Some of Washington’s biggest and best-known firms have arrived in California (sub. req.), but local lawyers interviewed for The Recorder’s story aren't trembling in their Ferragamos (or their Guccis, as the case may be).
For one thing, some indigenous firms boast decent-sized D.C. offices. Pillsbury Winthrop's, for instance, specializes in several industries, including energy, healthcare and international trade. Chairman Jim Rishwain said the D.C. office, with 172 attorneys, has been his firm's biggest since 2005.
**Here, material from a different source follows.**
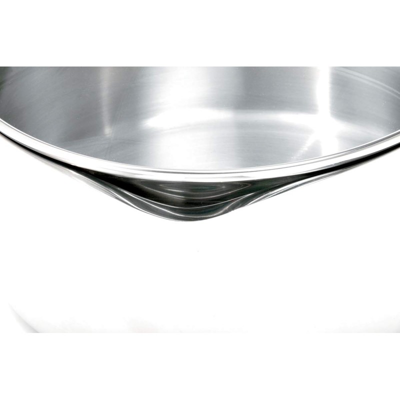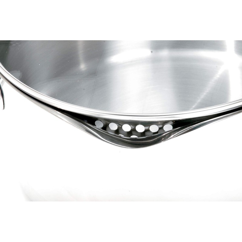 • Has a Tri-Ply encapsulated base that incorporates 2 layers of stainless steel with an aluminum core layer. This Solid construction ensures: increased heat conductivity, even heat distribution, increased cooking efficiency, protection from hot spots and burning and reliable durability.

Many of its lawyers serve California clients. One example: D.C. public policy partner Elizabeth Moeller is advising Stanislaw County in getting more funding for water projects through the U.S. Bureau of Reclamation. Another: the firm's energy and environmental teams - in DC and firm-wide - regularly advise California energy and utility clients seeking regulatory approval from FERC, the Nuclear Energy Commission, the EPA and other federal agencies.
Another thing: California firms have grown up with the state's industries.
“California has unique industries with unique needs – from Hollywood and Napa Valley to Silicon Valley and San Diego's biotech boom,” Rishwain said in an email. “It will be a challenge for newcomers to compete against the size, experience and cultural advantages of homegrown firms like Pillsbury have.”